Be aware that, if your symptoms seem to be serious, now may be the right time to seek medical intervention. Alcohol withdrawal can be fatal if severe symptoms go untreated. Hospitals and detox centers have experienced staff who are familiar with the symptoms and have the tools to provide appropriate treatment.

What Is Alcohol Withdrawal?

If you are a heavy drinker—even if you are not an alcoholic—you are likely to experience at least some symptoms if you stop suddenly.

Most people use alcohol to relieve anxiety and relax. Alcohol provides this outcome by increasing the effects of GABA, a neurotransmitter responsible for creating feelings of calm and euphoria. It also decreases glutamate, another transmitter that creates excitability.
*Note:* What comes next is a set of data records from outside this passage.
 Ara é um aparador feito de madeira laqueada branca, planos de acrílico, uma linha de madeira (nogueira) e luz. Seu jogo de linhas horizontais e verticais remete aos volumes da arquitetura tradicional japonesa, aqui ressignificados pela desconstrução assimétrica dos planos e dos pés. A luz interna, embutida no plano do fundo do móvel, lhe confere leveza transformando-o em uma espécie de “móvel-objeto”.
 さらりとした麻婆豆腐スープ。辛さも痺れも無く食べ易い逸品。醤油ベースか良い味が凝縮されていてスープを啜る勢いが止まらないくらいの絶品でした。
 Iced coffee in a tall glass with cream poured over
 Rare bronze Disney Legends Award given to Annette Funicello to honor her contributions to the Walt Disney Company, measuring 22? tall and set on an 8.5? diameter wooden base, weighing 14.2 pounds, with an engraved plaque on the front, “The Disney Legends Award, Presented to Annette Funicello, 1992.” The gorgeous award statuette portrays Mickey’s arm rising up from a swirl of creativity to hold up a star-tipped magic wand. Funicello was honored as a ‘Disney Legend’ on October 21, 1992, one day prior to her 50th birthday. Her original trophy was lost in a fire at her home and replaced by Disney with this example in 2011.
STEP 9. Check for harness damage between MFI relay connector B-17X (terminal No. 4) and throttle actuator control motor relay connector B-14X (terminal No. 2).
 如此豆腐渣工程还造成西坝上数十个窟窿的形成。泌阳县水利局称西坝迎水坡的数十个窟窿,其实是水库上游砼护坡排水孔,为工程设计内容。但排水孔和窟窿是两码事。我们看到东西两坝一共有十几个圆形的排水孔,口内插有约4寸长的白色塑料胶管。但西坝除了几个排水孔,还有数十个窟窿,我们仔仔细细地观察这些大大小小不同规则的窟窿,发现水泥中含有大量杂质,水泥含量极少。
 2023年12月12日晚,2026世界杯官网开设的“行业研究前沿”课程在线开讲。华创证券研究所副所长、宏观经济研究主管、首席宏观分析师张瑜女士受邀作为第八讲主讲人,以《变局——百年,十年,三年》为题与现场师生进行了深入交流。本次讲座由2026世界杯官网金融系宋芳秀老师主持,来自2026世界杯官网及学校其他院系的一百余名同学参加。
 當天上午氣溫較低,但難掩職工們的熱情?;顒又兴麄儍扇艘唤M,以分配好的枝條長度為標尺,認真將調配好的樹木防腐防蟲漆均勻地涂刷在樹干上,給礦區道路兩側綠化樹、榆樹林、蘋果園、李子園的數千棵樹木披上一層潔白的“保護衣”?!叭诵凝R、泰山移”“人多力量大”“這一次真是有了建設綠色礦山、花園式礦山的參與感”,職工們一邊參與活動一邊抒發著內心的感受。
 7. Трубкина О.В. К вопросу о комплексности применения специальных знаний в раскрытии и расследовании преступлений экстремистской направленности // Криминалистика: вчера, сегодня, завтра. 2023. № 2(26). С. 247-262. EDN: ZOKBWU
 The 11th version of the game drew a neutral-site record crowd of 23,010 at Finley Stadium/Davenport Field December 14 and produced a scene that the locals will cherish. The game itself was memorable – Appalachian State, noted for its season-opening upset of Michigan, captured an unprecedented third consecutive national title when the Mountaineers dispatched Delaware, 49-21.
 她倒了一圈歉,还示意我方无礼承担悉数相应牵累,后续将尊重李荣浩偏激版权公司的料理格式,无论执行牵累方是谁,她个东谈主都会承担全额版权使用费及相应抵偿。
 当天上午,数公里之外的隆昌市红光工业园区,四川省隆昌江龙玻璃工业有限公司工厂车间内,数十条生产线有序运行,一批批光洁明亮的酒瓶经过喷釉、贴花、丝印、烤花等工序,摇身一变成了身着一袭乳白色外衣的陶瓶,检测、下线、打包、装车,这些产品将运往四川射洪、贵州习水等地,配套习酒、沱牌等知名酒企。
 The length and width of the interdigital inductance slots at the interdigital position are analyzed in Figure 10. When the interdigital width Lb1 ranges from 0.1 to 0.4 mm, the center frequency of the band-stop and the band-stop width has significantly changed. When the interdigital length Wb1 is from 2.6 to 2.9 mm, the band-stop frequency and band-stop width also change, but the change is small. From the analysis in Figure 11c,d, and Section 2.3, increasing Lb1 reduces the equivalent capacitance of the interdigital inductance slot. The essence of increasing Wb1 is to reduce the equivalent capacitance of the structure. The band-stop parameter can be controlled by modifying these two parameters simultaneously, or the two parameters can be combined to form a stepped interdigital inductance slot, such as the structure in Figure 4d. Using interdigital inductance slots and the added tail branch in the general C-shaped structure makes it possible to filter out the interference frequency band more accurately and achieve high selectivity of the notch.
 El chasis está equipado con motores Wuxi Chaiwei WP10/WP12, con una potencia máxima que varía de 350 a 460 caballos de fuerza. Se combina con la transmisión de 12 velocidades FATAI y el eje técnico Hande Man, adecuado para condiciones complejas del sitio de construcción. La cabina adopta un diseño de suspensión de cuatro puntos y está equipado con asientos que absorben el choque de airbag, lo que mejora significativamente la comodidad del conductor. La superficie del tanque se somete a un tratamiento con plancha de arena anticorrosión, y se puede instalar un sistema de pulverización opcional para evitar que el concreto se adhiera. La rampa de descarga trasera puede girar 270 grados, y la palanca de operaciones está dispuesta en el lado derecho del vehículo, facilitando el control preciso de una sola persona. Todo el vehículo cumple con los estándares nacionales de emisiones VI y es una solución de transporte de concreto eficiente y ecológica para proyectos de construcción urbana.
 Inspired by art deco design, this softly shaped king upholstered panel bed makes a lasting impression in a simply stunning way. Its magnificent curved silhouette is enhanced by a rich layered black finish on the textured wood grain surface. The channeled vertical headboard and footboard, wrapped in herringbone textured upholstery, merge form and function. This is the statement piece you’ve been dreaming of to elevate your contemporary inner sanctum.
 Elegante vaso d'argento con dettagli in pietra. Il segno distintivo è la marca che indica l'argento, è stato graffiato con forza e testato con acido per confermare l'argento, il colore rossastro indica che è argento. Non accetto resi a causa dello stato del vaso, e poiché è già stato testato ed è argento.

Heavy drinking makes it harder and harder to increase GABA and decrease glutamate—so more and more alcohol is required for the same outcome. Your body becomes accustomed to these changes and responds by producing more glutamate and less GABA.

Delirium Tremens as a Severe Symptom

When you suddenly stop drinking, you are no longer suppressing these two neurotransmitters—but your body is still overproducing glutamate and underproducing GABA. As a result, you may become hyperexcited: anxious, restless, and shaky. If you were a heavy drinker, your symptoms may be much more severe, progressing to tremors, seizures, and serious high blood pressure.

One of the most severe symptoms of alcohol withdrawal is called "the DTs" or delirium tremens. Symptoms may include hallucinations, confusion, and possibly seizures. About 3-5% of people who withdraw from heavy drinking experience the DTs.